QUÉ ESTABLECE LA DEMOCRACIA CRISTIANA
¿Qué es la
democracia cristiana? Es un régimen que establece la alianza de la política con
la moral, la cooperación mutua entre la Iglesia y el Estado, la armonía entre
los diferentes sectores sociales, la coexistencia del bien común y la libre
iniciativa privada, la conciliación de la autoridad estatal con los derechos de
la persona humana, la compatibilidad del patriotismo con la fraternidad
universal, y la síntesis de la justicia social con las libertades políticas.

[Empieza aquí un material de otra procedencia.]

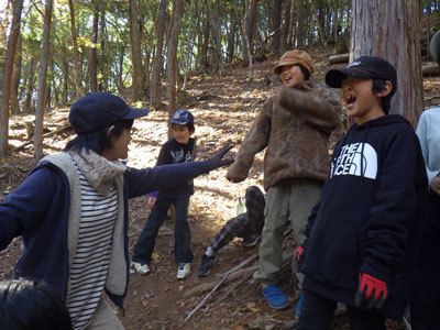 お腹いっぱいになったこどもたちは「だるまさんが転んだ」をしました。変なポーズをする仲間にみんなで大笑いです!最高の遊び場であり、薪をいただく場でもある森はこどもたちにとって特別な場所です。
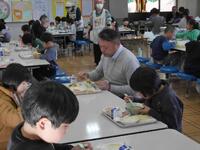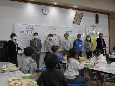 また、今回は、ランチルームで配膳や片付けの様子を見ていただき、児童と一緒に給食を試食していただきました。食事中は黙食ということで、会話ができないのが残念でしたが、近くの席の児童が牛乳パックの開け方を教えてくれたというほほえましいエピソードを教えてくれました。委員の皆様、いつも温かく北小を見守っていただき、ありがとうございます。
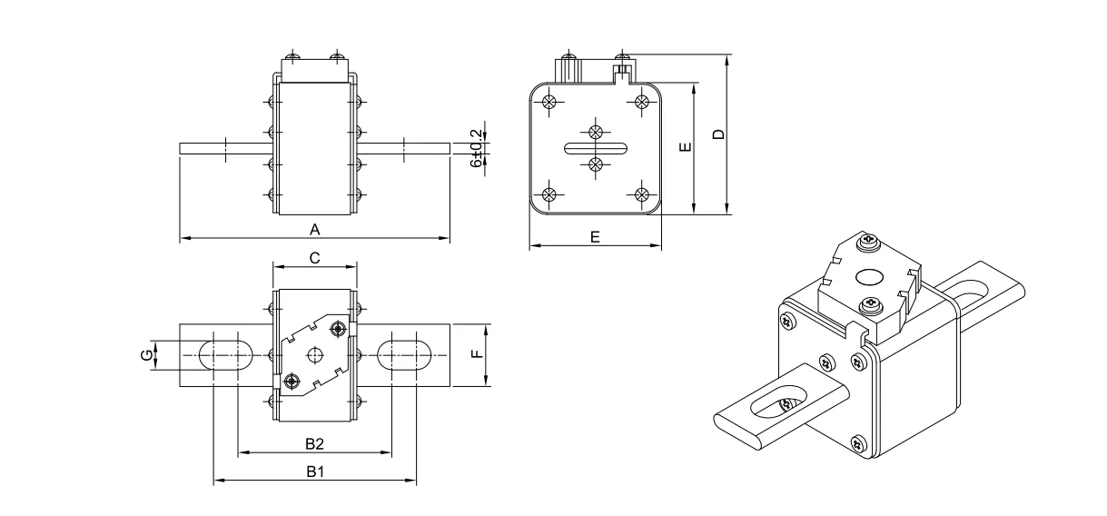 Високоскоростен предпазител с квадратно тяло 1000V DIN
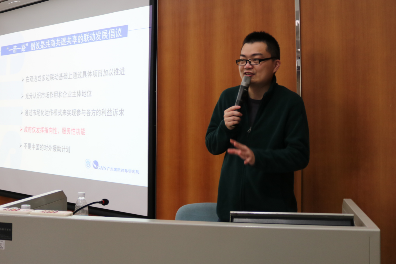 本网讯 5月9日下午,由广东省教育厅和伟德bv国际体育联合主办,人事处、教师发展中心承办的第九期珠江学者讲坛在北校区第九教学楼306室举行。“青年珠江学者”、广东国际战略研究院研究员、博士生导师韩永辉带来题为《“一带一路”倡议》的学术报告,吸引了来自省内20余所高校近130名老师参加。
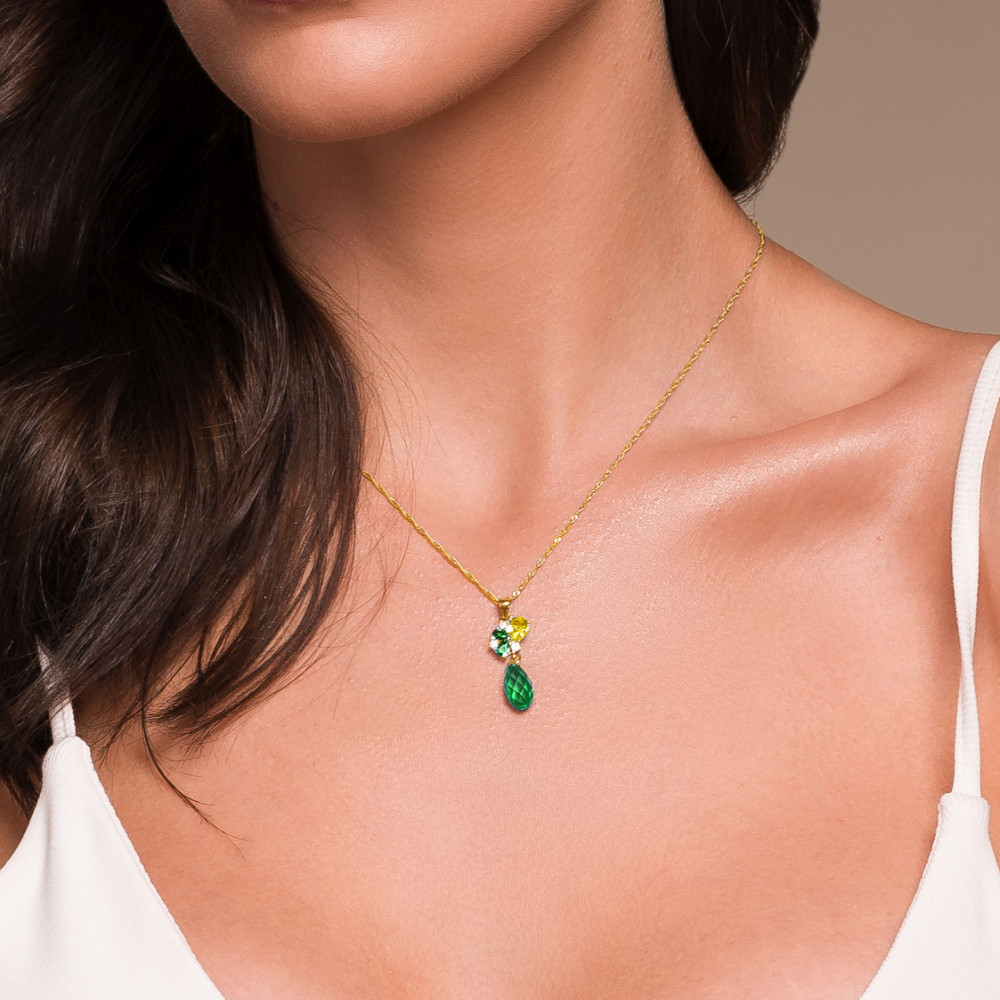 The BLATTER necklace combines warm golden tones with the depth of green. Crafted from gold-plated sterling silver, it features a green Swarovski® crystal that reflects light with rich, natural brilliance.
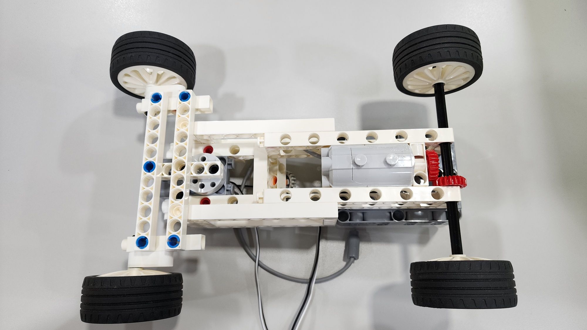 遙控賽車的前輪使用到平行連桿的結構,平行連桿由多個連桿以及可活動的轉軸組成,透過兩對連桿始終保持平行的特性(影片五),讓前方的兩顆輪胎都能保持相同的角度,此外兩顆前輪能夠各自以不同的速度旋轉,能夠避免賽車轉彎時產生內輪差,即車輛在轉彎時,內側車輪比外側車輪走的路程短、轉速必須較慢的物理現象(圖四一)。
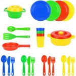 FLORMOON(フロムーン) プレイディッシュセット – 丈夫なごっこ遊びクッキングトイ 27個 – 超頑丈 BPAフリー 食品安全 フタル酸フリー – 子供用食器キッチンおもちゃ 男の子と女の子向け 2歳以上 |
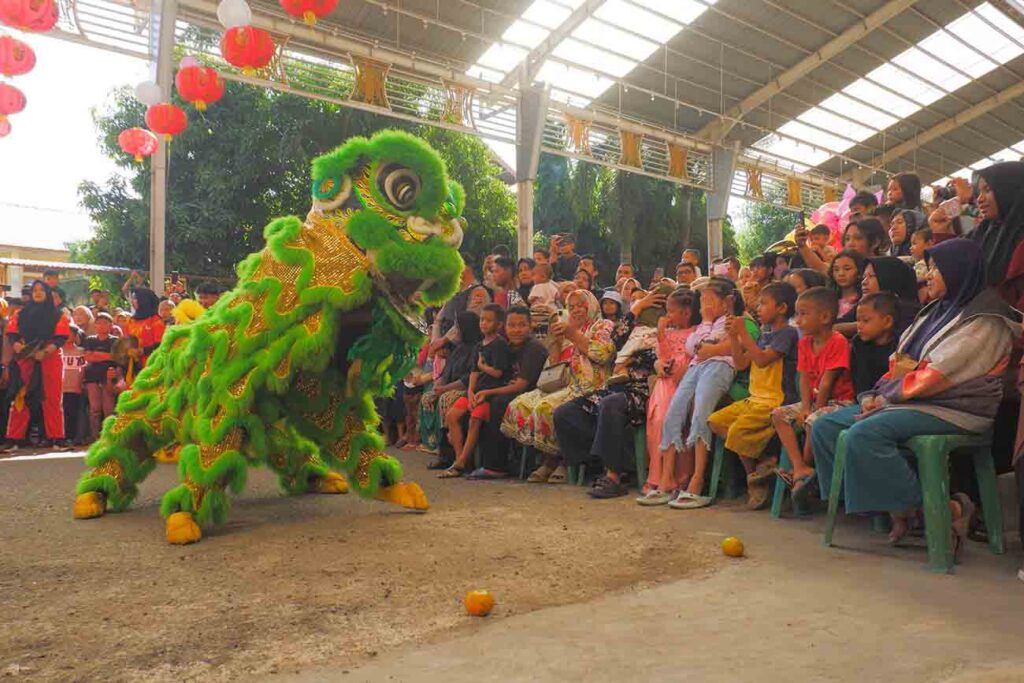 Salah satunya, pertunjukkan barongsai yang tidak hanya dimainkan oleh keturunan Tionghoa beragama Budha, namun juga dimainkan oleh beberapa warga lokal yang mayoritas beragama Islam.
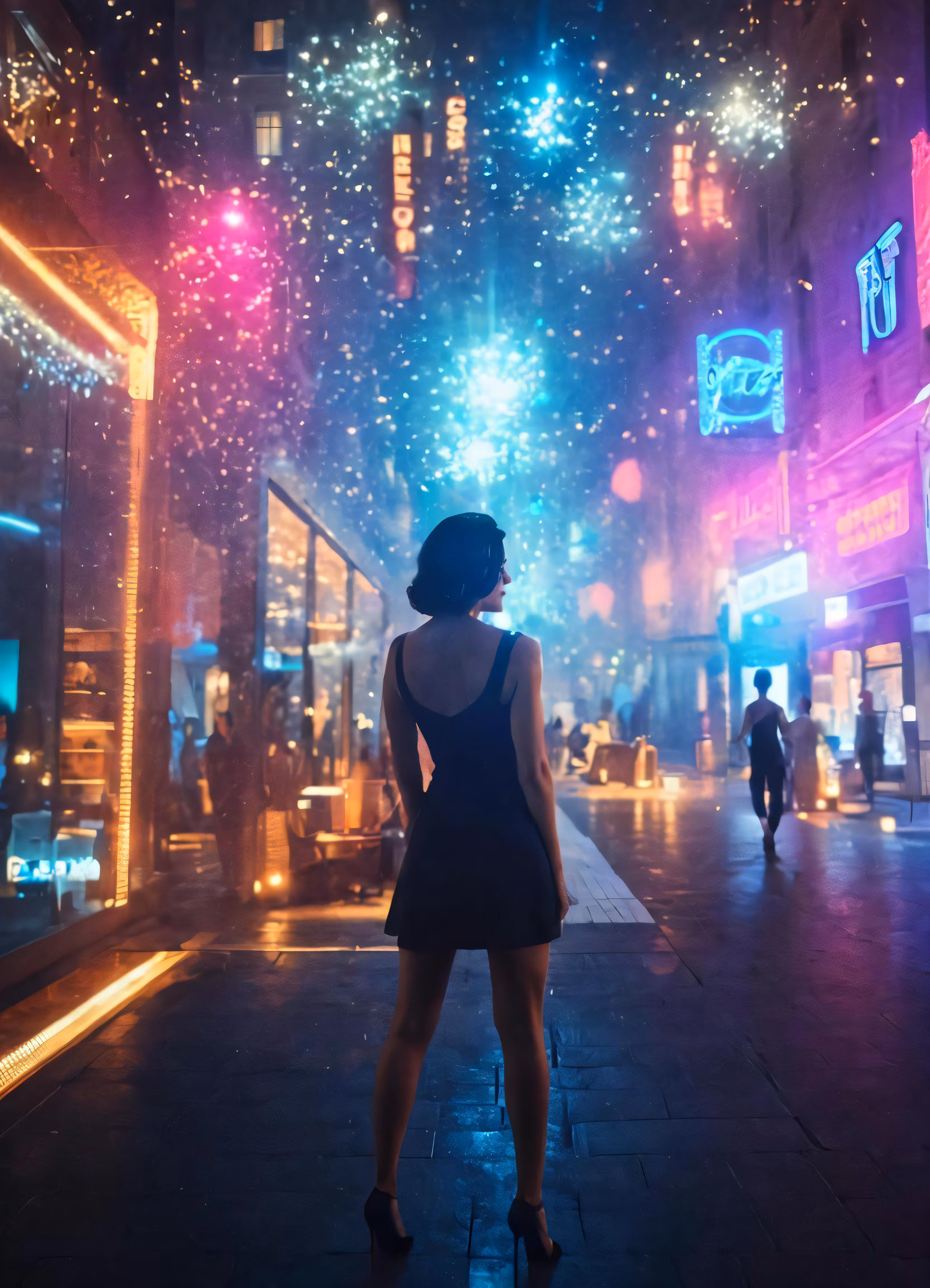 High resolution picture, free to use, a woman in black dress looking at fireworks

Boletín del Partido Demócrata
Cristiano, Órgano oficial de la Junta Promotora de la Capital Federal, 31 de
octubre de 1955.
II. LA
COOPERACIÓN MUTUA ENTRE LA IGLESIA Y EL ESTADO
La separación de la política y de la moral
trajo por primera consecuencia, en el siglo XIX, la separación de la Iglesia y
el Estado. Los demócrata-cristianos de la Argentina, al propiciar la estrecha
alianza de la política con la moral, propugnan, igualmente, la unión de la Iglesia
con el Estado. Esa unión siempre ha existido en nuestra patria haciendo su
grandeza, dándole paz y prosperidad, y no trayendo jamás inconvenientes de
ninguna especie a ningún gobierno ni a ningún habitante de la República.
Felizmente, en nuestra tradición histórica
podemos ver unidas las glorias del cristianismo con las glorias patrióticas.

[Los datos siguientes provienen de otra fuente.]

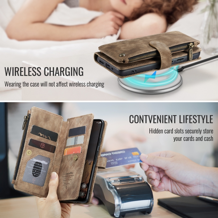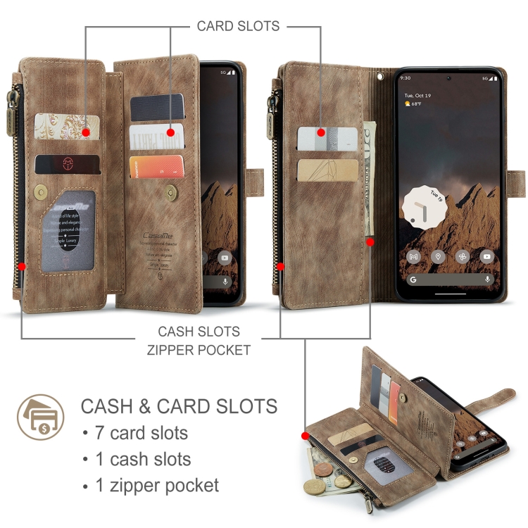 Funda de Cuero Caseme C30 para Google Pixel 9 y 9 Pro con Cremallera y Ranuras para Tarjetas (Marrón)
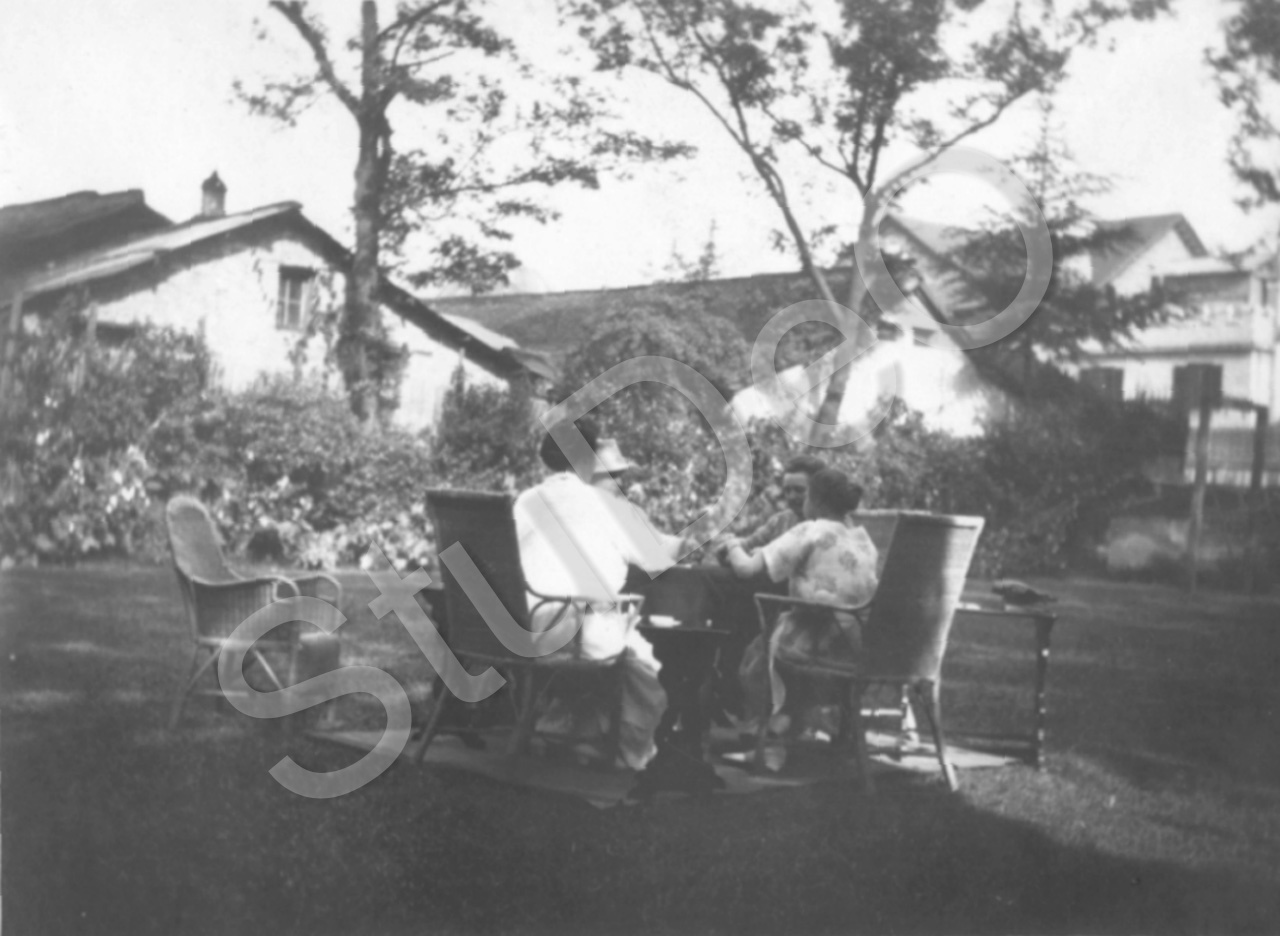 Beschreibung: Helene Gerngroß spielt mit Damen Mah-Jongg im Garten des Hauses in der 49 Sinza Road.
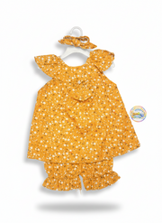 Baby Girls Floral 3 Piece Outfit Set – Top, Shorts & Matching Headband - Mustard Floral / 1-1.5 year
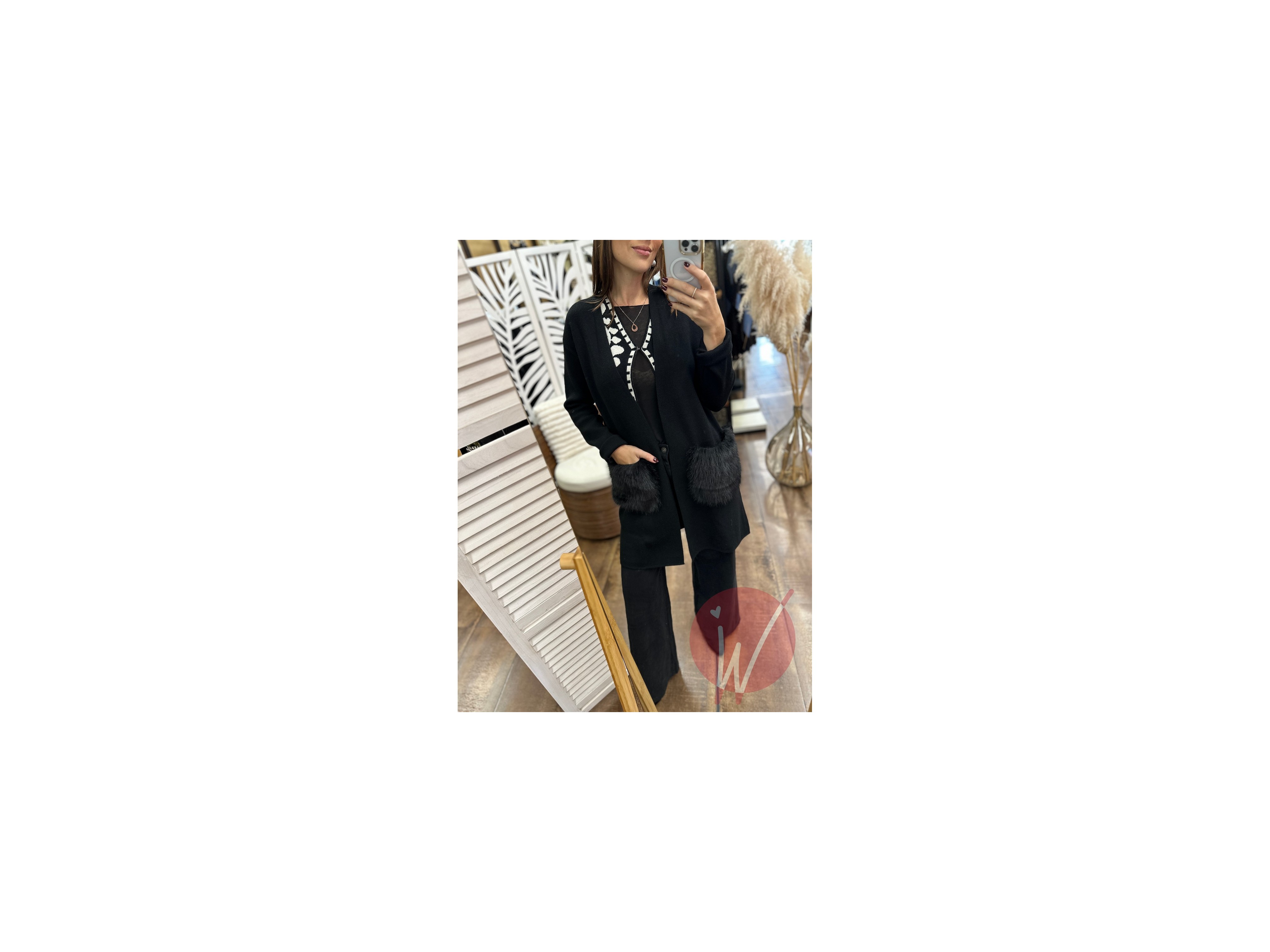 Cardigan a manica lunga in viscosa morbida e calda, tasche profonde rivestite in ecopelliccia.

Nunca hubo, entre nosotros, persecuciones del Estado a la Iglesia, ni pretensiones
del clero a manejar la máquina gubernamental. El respeto que en la Argentina se
han profesado mutuamente Estado e Iglesia, sólo ha sido enturbiado por cortos
momentos.
Los demócrata-cristianos dejan aclarado que
esa unión no significa intromisión del clero en la política, ni intromisión de
las autoridades gubernamentales en materia eclesiástica.
Tampoco significa sojuzgamiento del
catolicismo al Estado, ni enfeudamiento del Estado a la Iglesia. Tanto el uno
como la otra son dos sociedades perfectas con sus fines propios que actúan en
diferentes planos. Sin embargo, como el sujeto de su actuación es el mismo, el
ser humano, éste necesita que su obediencia a la autoridad civil no le acarree
una desobediencia a la autoridad espiritual, o viceversa. Por lo tanto, ambas
autoridades deben marchar unidas y de concierto, siendo su ley la mutua inteligencia
y no la guerra, y es patente que las dos potestades —la temporal y la
espiritual— si bien diferentes en oficios y desiguales por su categoría (la una
cuida directamente los intereses humanos y terrenales, la otra los celestiales
y divinos) han de estar acordes en sus actos y prestarse mutuos servicios.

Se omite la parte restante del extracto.